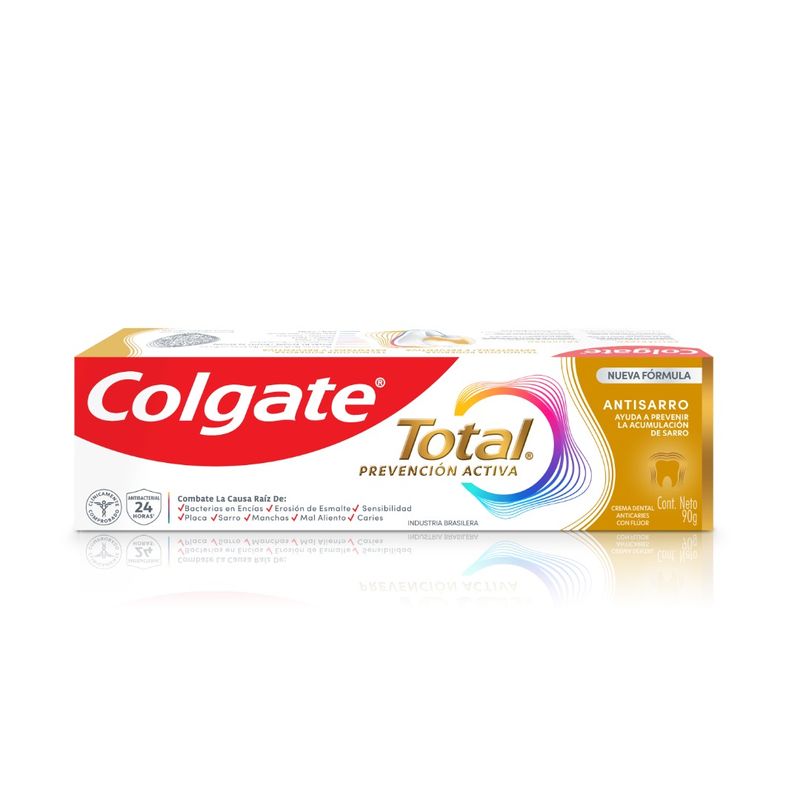 La pasta Colgate Total Antisarro es ideal en el uso diario, está clínicamente comprobada, te brinda 24 horas* de protección antibacterial y combate la causa raíz de las bacterias en las encías, erosión de esmalte, sensibilidad en los dientes, placa bacteriana, sarro dental, manchas en los dientes, mal aliento y caries dental.
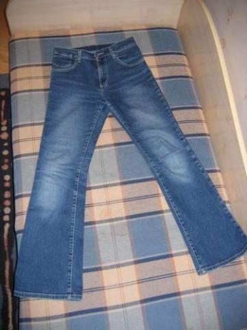 nesiaurėjantys, bet beveik neplatėjantys džinsai. Dydis ~38. Ūgiui ~1.68m. Šiek tiek panešioti, bet tikrai geros kokybės
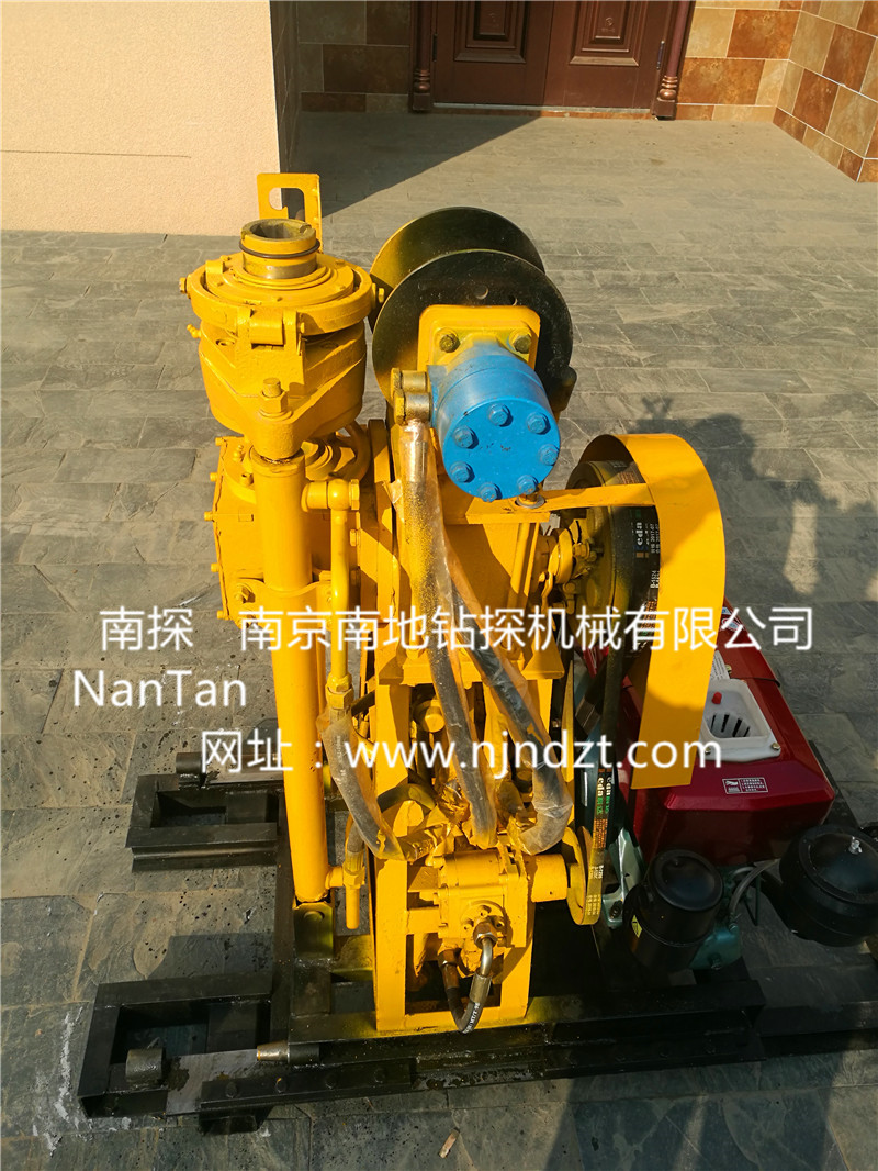 NTQZ-50B型钻机是一种具有油压给进的轻便钻机,配置移位底座、液压卷扬机、4.5米高三角架钻塔。额定钻孔深度50米,最大开孔直径允许为110mm,终孔直径为75mm,孔径46-200mm配套钻进深度根据地层情况而定。既可以旋转、 冲击钻进取土取芯样,也可以旋转钻进不取心钻孔,比如钻孔灌浆、引孔等。
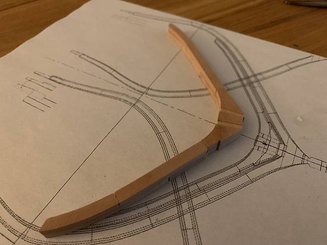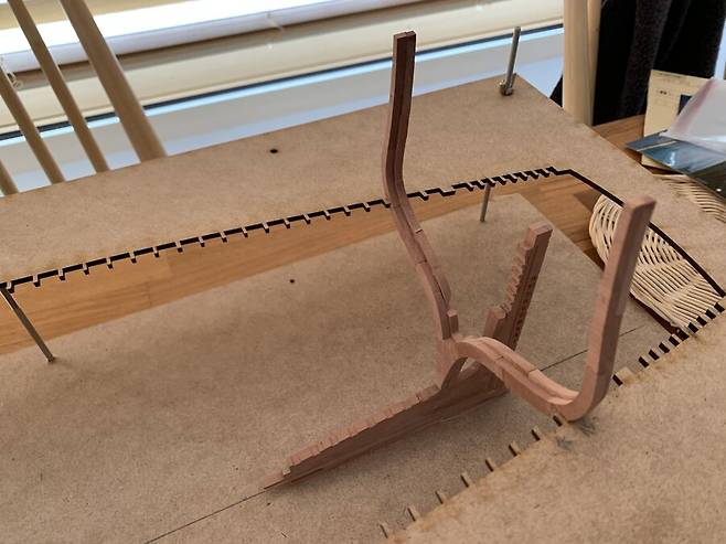 캐드로 웨일 라인을 따라 도크를 제작해서 늑골 한조를 올려본 사진 입니다. 도크는 MDF 로 레이져 커팅으로 만들었고 처음 만들어본터라 역시 많이 부족합니다. 다음에는 더 잘할 수 있을것 같습니다.
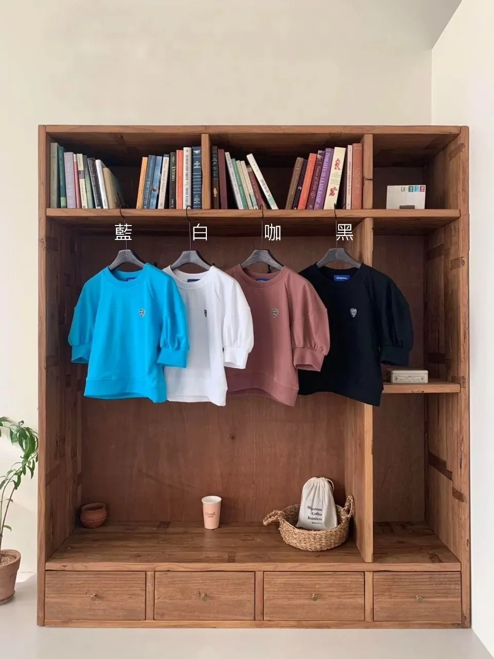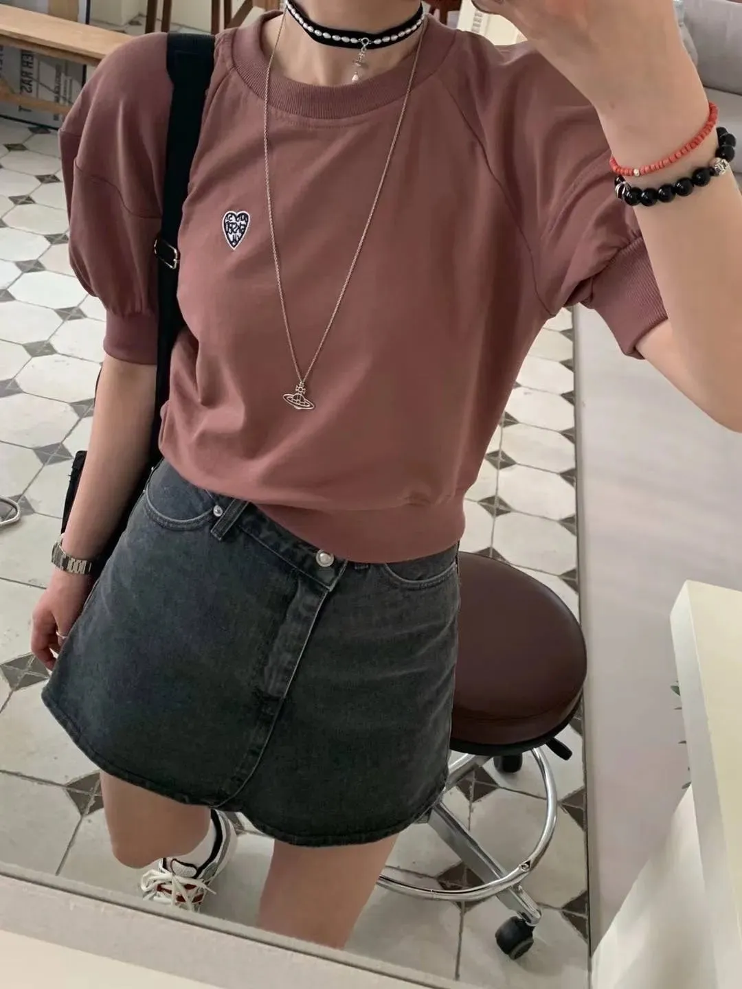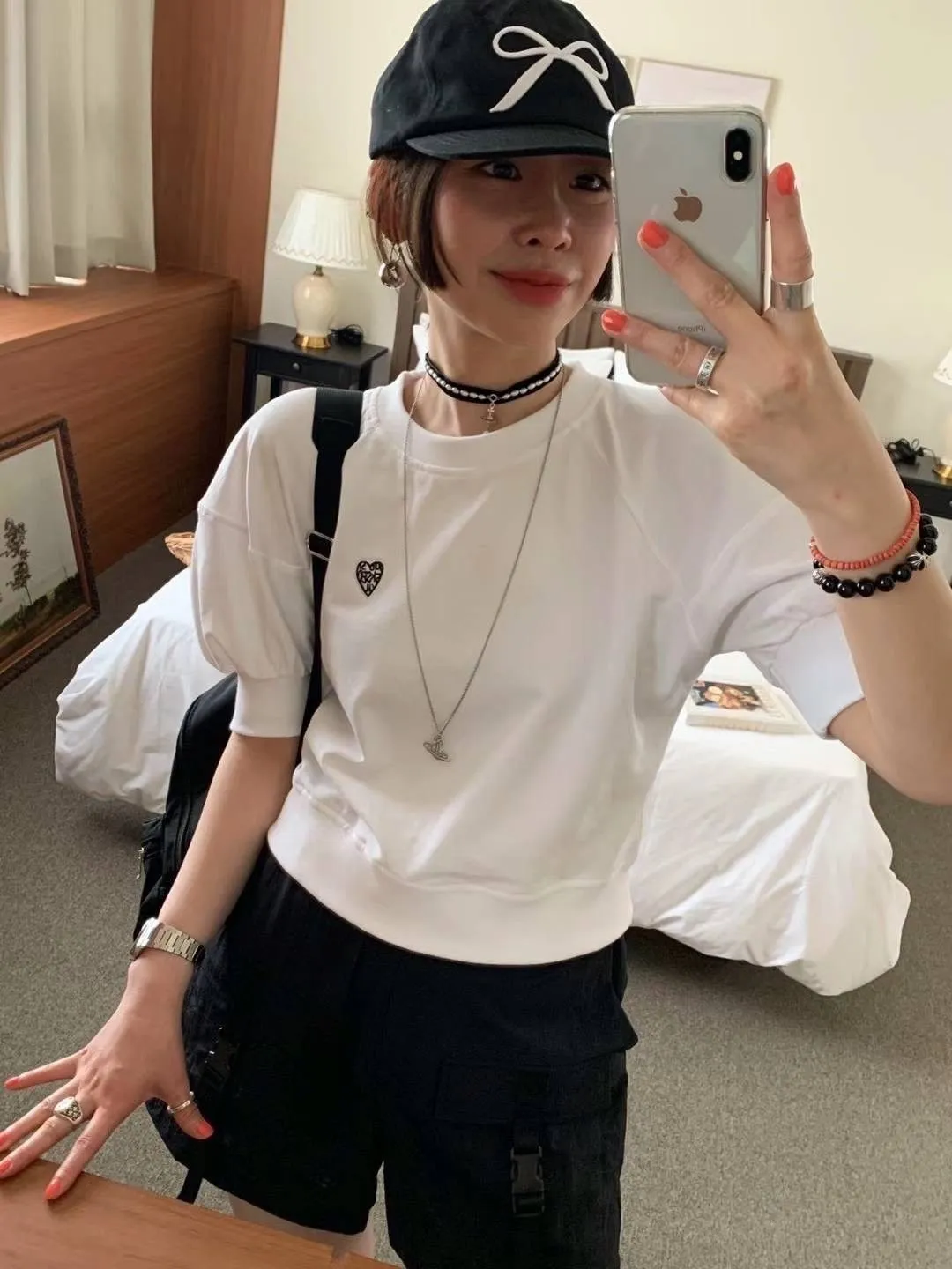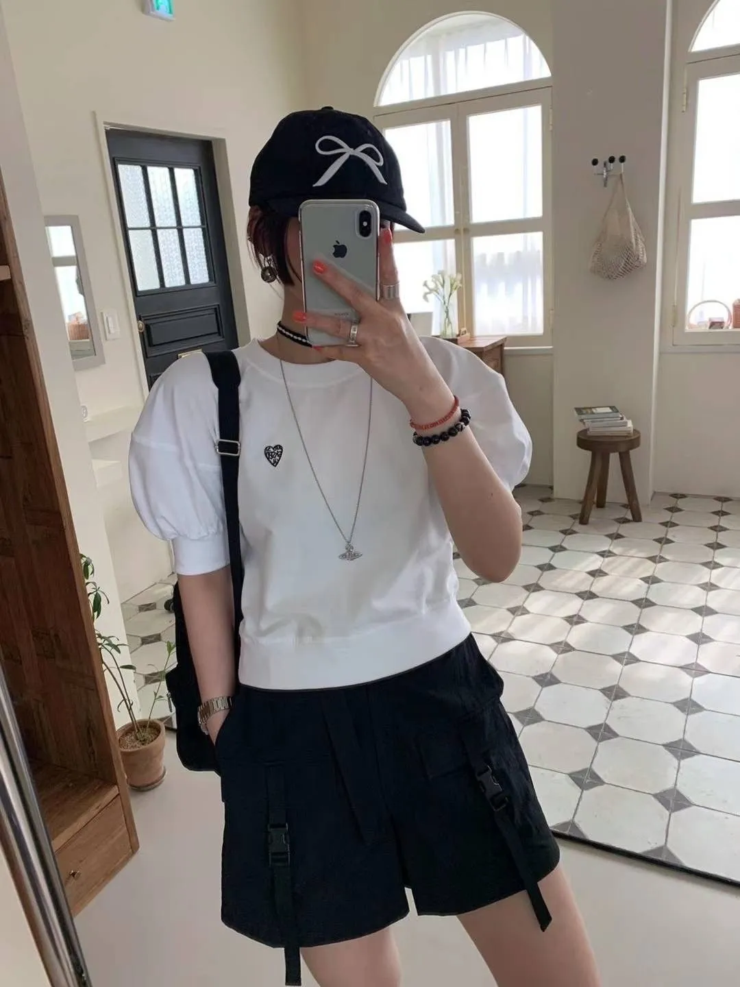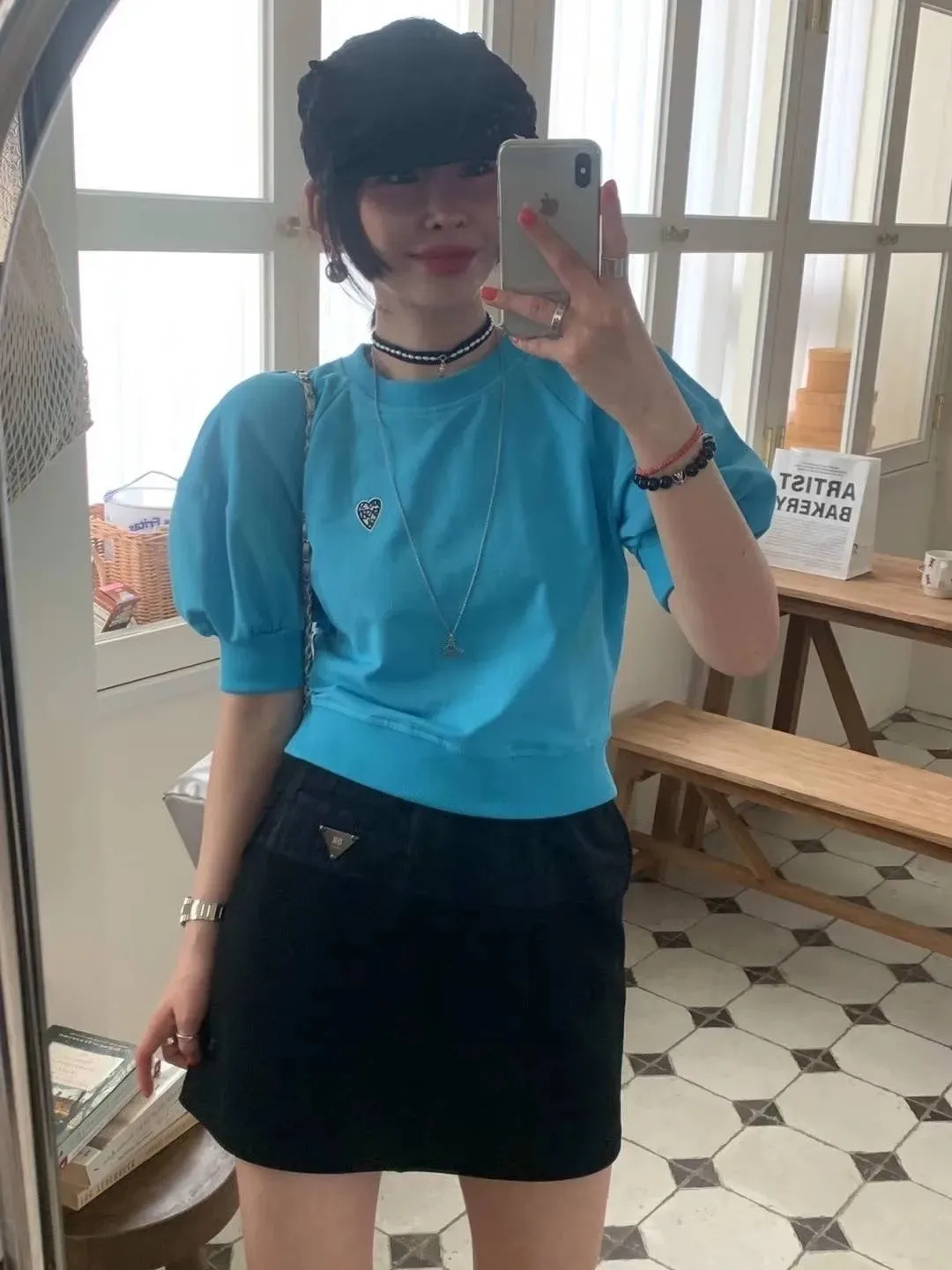 棉 薄款 下擺鬆緊 可愛蓬蓬袖 短版好比例 刺繡愛心小LOGO

━━━━

- [What you are asked to do]:
Only the pictures are to be left out; repeat everything else in the records above exactly.

- [Response]:
 La pasta Colgate Total Antisarro es ideal en el uso diario, está clínicamente comprobada, te brinda 24 horas* de protección antibacterial y combate la causa raíz de las bacterias en las encías, erosión de esmalte, sensibilidad en los dientes, placa bacteriana, sarro dental, manchas en los dientes, mal aliento y caries dental.
 nesiaurėjantys, bet beveik neplatėjantys džinsai. Dydis ~38. Ūgiui ~1.68m. Šiek tiek panešioti, bet tikrai geros kokybės
 NTQZ-50B型钻机是一种具有油压给进的轻便钻机,配置移位底座、液压卷扬机、4.5米高三角架钻塔。额定钻孔深度50米,最大开孔直径允许为110mm,终孔直径为75mm,孔径46-200mm配套钻进深度根据地层情况而定。既可以旋转、 冲击钻进取土取芯样,也可以旋转钻进不取心钻孔,比如钻孔灌浆、引孔等。
 캐드로 웨일 라인을 따라 도크를 제작해서 늑골 한조를 올려본 사진 입니다. 도크는 MDF 로 레이져 커팅으로 만들었고 처음 만들어본터라 역시 많이 부족합니다. 다음에는 더 잘할 수 있을것 같습니다.
 棉 薄款 下擺鬆緊 可愛蓬蓬袖 短版好比例 刺繡愛心小LOGO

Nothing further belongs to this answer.